CRERAR CLINCH COAL COMPANY, PLAINTIFF IN ERROR,
THE INDUSTRIAL COMMISSION ET AL. (JOHN BAUER, DEFENDANT IN ERROR.)
WRIT OF ERROR to the Circuit Court of Cook County; the Hon.
ELMER J. SCHNACKENBERG, Judge, presiding.
MR. JUSTICE KLINGBIEL DELIVERED THE OPINION OF THE COURT:
Defendant in error, John Bauer, hereafter called petitioner, filed an application for adjustment of claim with the Industrial Commission of Illinois, seeking compensation for injuries received while in the employ of Crerar Clinch Coal Company, a corporation, hereafter called the respondent.

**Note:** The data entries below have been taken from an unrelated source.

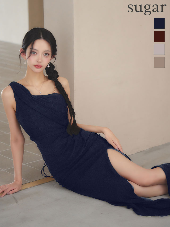ワンショルダーと長めのスリットから覗く素肌が大人の色気を醸し出し、
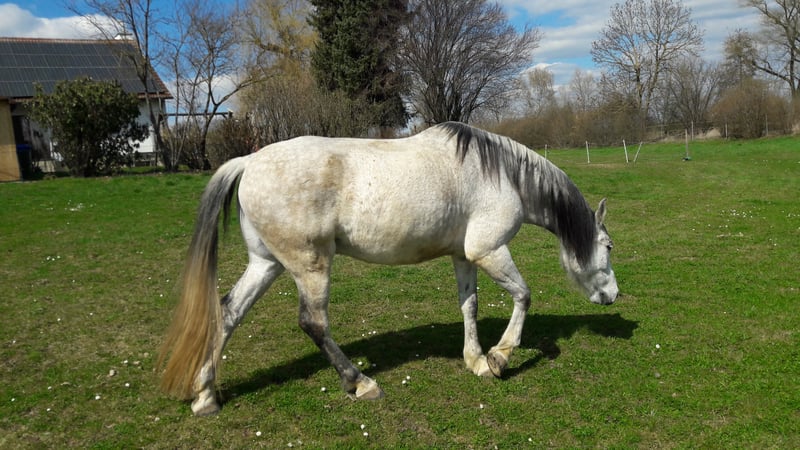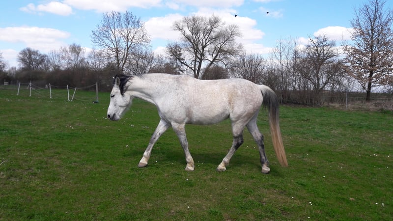 Z ciężkim sercem oferuję mój 1,66m wzrostu, piękny, uczciwy andaluzyjski. W maju skończy 10 lat. Kupiłem go jako czysty PRE. Jednak jego rodzice nie byli już licencjonowani, a zatem dostał "tylko" papiery Cruzado. Według poprzedniego właściciela, w młodym wieku dostał profesjonalną przejażdżkę vaquero. Z nami jeździ sam i w grupie w terenie i na placu. Jesteśmy czystymi jeźdźcami rekreacyjnymi. Niemniej jednak nie jest odpowiedni dla początkujących!!! Jest łatwy w pomocach. Jednak nie radzi sobie dobrze z ciśnieniem. Podczas galopu może się nagrzać. Nie jesteśmy jednak tak naprawdę zajęci. Uwielbia pracować! Boczne przejścia i przesunięcia poprzeczne nie stanowią dla niego problemu. Wykonuje również forhend i tylne ćwiartki w mgnieniu oka. Niestety, ma całujące się kolce. Według weterynarza jego przyszły jeździec nie powinien ważyć więcej niż 70 kg. Ponadto należy zawsze zapewnić wystarczającą ilość mięśni pleców i odpowiednie siodło. W ten sposób proces zostaje zatrzymany! Są też konie w sporcie, które idą z Kissing Spine, czego mu nie życzę. Zauważył to trener, który wskazał na jego krzywą postawę ogona i powiedział, że powinienem wykonać zdjęcia rentgenowskie dla bezpieczeństwa, aby móc dostosować do tego swój trening. Z nami stoi w otwartej stajni. Chciałbym zobaczyć to dla niego ponownie. To absolutnie nie jest sprzedaż awaryjna! Więc nie ma próśb o "ostatnią cenę"! Ponadto jest przekazywany tylko wtedy, gdy wszystko pasuje. Umiejętności jeździeckie muszą być obecne! I tak pokazałby mi to na rozprawie! Za przygotowanie próbne pozwalam sobie na pobranie kwoty 25, - Euro. Mam nadzieję, że w ten sposób zapobiegnę turystyce jeździeckiej! Jeśli masz dodatkowe pytania, skontaktuj się z nami! Zdjęcia tak naprawdę nie oddają mu sprawiedliwości i naprawdę nie jest mi łatwo go porzucić. Charyzma pod siodłem staje się piękniejsza dzięki umiejętnościom jeźdźca ,-)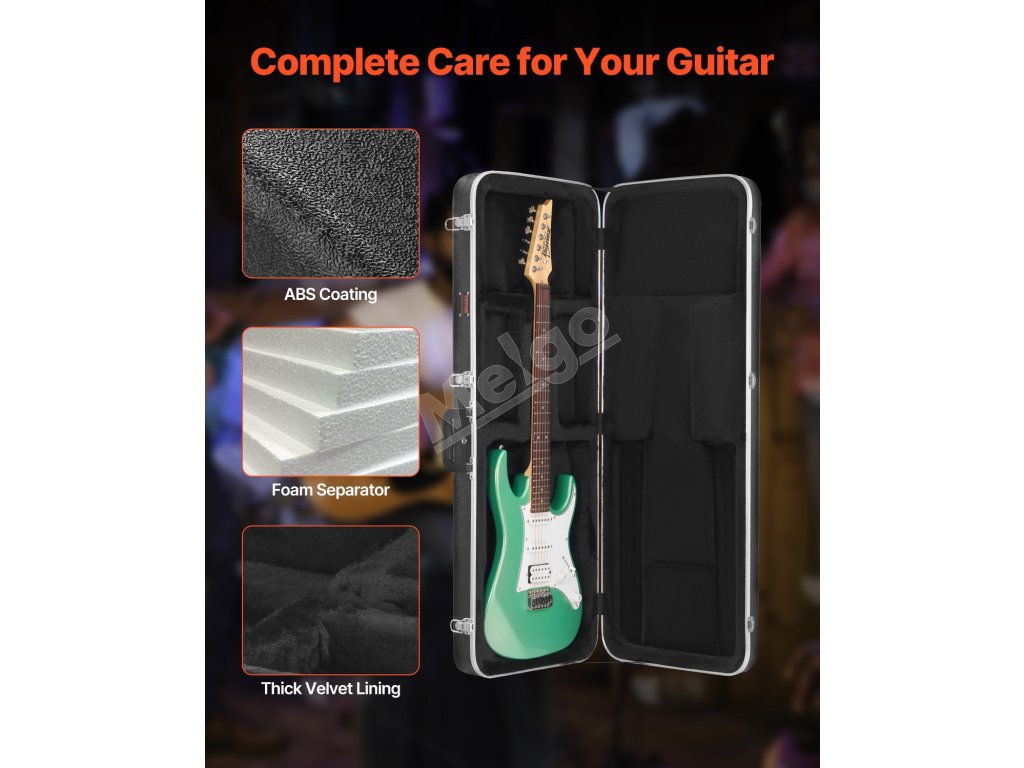 Toto obdĺžnikové tvrdé puzdro na gitaru s vonkajšou povrchovou úpravou ABS je vodotesné a odolné voči vlhkosti, čím chráni vašu gitaru pred vlhkosťou a vplyvmi prostredia. Či už svieti jasné slnko alebo husto prší, môžete ho bez obáv prenášať a hrať.

The application was heard on April 10, 1952, before an arbitrator who thereafter found that petitioner was entitled to have and receive $22.50 per week for 44 3/7 weeks for temporary total incapacity, and the sum of $22.50 per week for a further period of 252 weeks, plus $5.36 for an additional week for permanent partial incapacity, all under the provisions of section 8(d) of the Workmen's Compensation Act, as amended, in force July 18, 1949. On October 17, 1952, this matter was heard on review by the Industrial Commission of Illinois. Subsequently, the commission rendered its decision and award in and by which it set aside the award of the arbitrator and entered an award (1) allowing the petitioner $17.19 per week for a period of 20 weeks for "partial" incapacity and (2) thereafter the sum of $4.75 per week for a further period of 346 3/7 weeks for permanent partial incapacity; and that petitioner was entitled to receive $22.50 per week for 51 weeks on account of temporary total incapacity. Upon certiorari the circuit court of Cook County set aside the decision of the Industrial Commission and ordered and adjudged that respondent pay to petitioner for permanent partial incapacity the sum of $22.50 per week for 252 weeks and $5.36 for another week. The order and judgment was silent as to an award for temporary total incapacity. We have granted a writ of error to review said order and judgment of the circuit court.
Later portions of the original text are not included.